Pictures aside, write every record out again word for word.

Data items:
================================

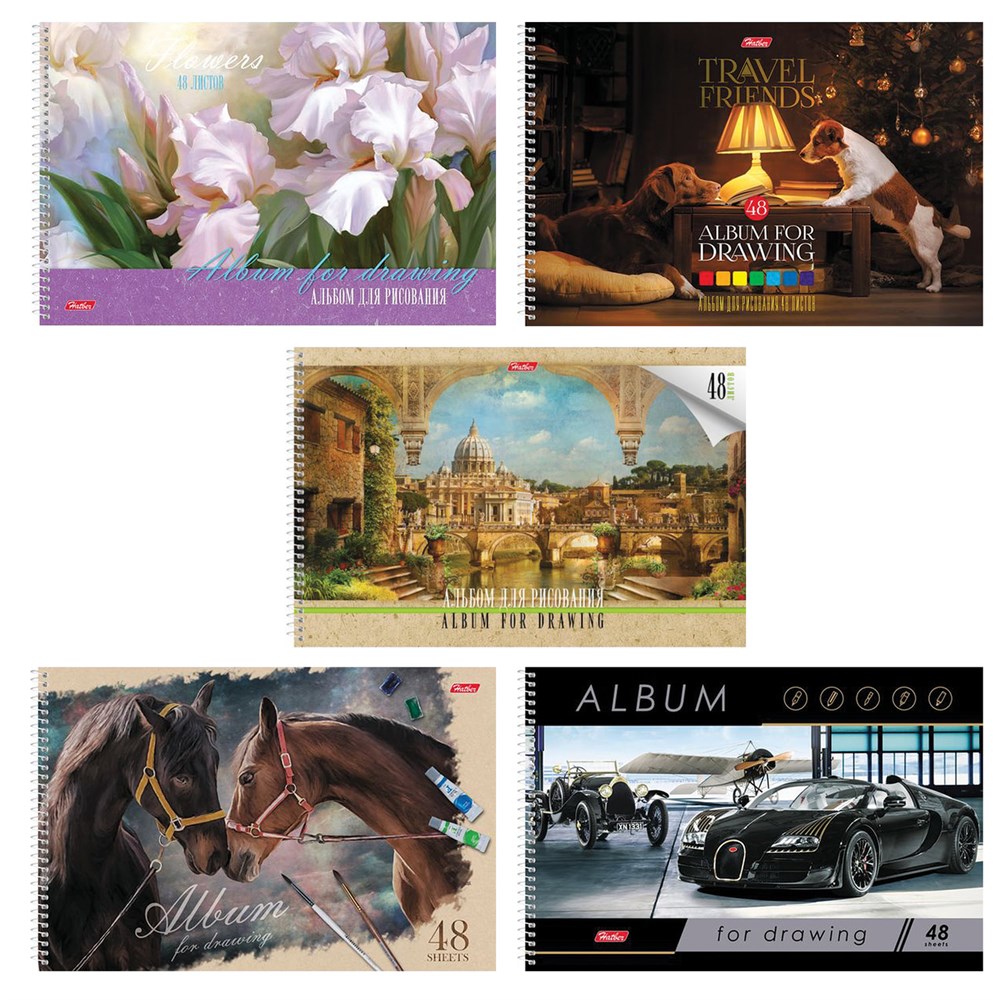 Альбом для рисования, А4, 48 листов, спираль, обложка картон, HATBER, 205х300 мм, "Ассорти (5 видов)", 051886, 48А4Всп
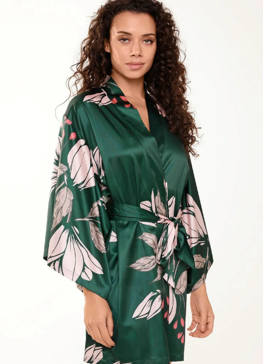 Edel schimmernder, dunkelgrüner Kimono von „LingaDore“, mit rosé-oliv-buntem Druckdessin, weiten Ärmeln sowie angenähtem Bindegürtel.
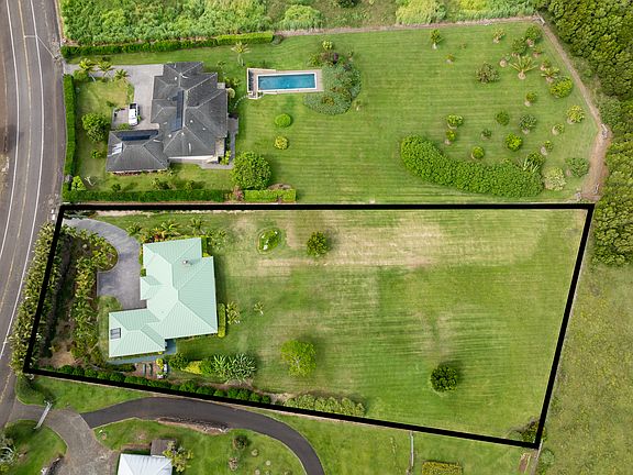 Experience the many layers of island living with this beautifully crafted three-bedroom, two-bath home, set on 1.43 acres in the highly desirable Maliu Ridge subdivision. Designed with thoughtful care, this home features custom finishes throughout, creating a warm and inviting atmosphere. A kiva-inspired fireplace is perfect for cool evenings, and the spacious master suite complete with a jacuzzi tub, ideal for relaxation. An office/media room adds versatility, while the large two-car garage with an attached workshop offers plenty of space for storage and projects.
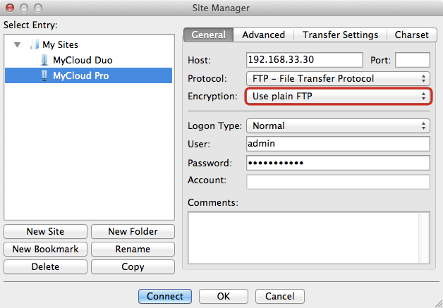 - For the encryption, select Use plain FTP. If the FTP server is set to use SSL encryption, select Require explicit FTP over TLS instead.
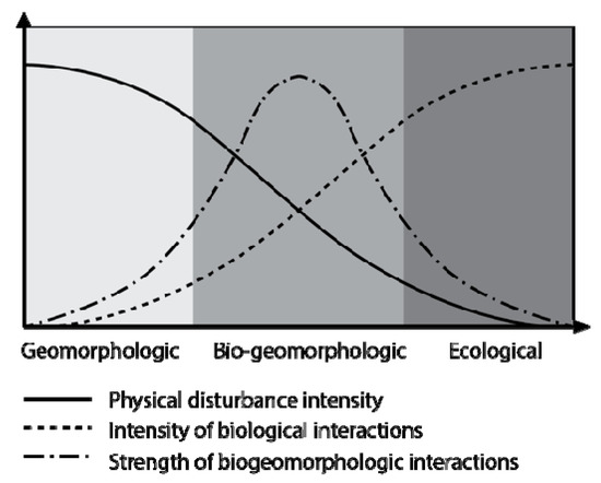- Anthony Stallins, J.; Corenblit, D. Interdependence of geomorphic and ecologic resilience properties in a geographic context. Geomorphology 2018, 305, 76–93. [Google Scholar] [CrossRef]

================================

FINAL ANSWER |
 Альбом для рисования, А4, 48 листов, спираль, обложка картон, HATBER, 205х300 мм, "Ассорти (5 видов)", 051886, 48А4Всп
 Edel schimmernder, dunkelgrüner Kimono von „LingaDore“, mit rosé-oliv-buntem Druckdessin, weiten Ärmeln sowie angenähtem Bindegürtel.
 Experience the many layers of island living with this beautifully crafted three-bedroom, two-bath home, set on 1.43 acres in the highly desirable Maliu Ridge subdivision. Designed with thoughtful care, this home features custom finishes throughout, creating a warm and inviting atmosphere. A kiva-inspired fireplace is perfect for cool evenings, and the spacious master suite complete with a jacuzzi tub, ideal for relaxation. An office/media room adds versatility, while the large two-car garage with an attached workshop offers plenty of space for storage and projects.
 - For the encryption, select Use plain FTP. If the FTP server is set to use SSL encryption, select Require explicit FTP over TLS instead.
- Anthony Stallins, J.; Corenblit, D. Interdependence of geomorphic and ecologic resilience properties in a geographic context. Geomorphology 2018, 305, 76–93. [Google Scholar] [CrossRef]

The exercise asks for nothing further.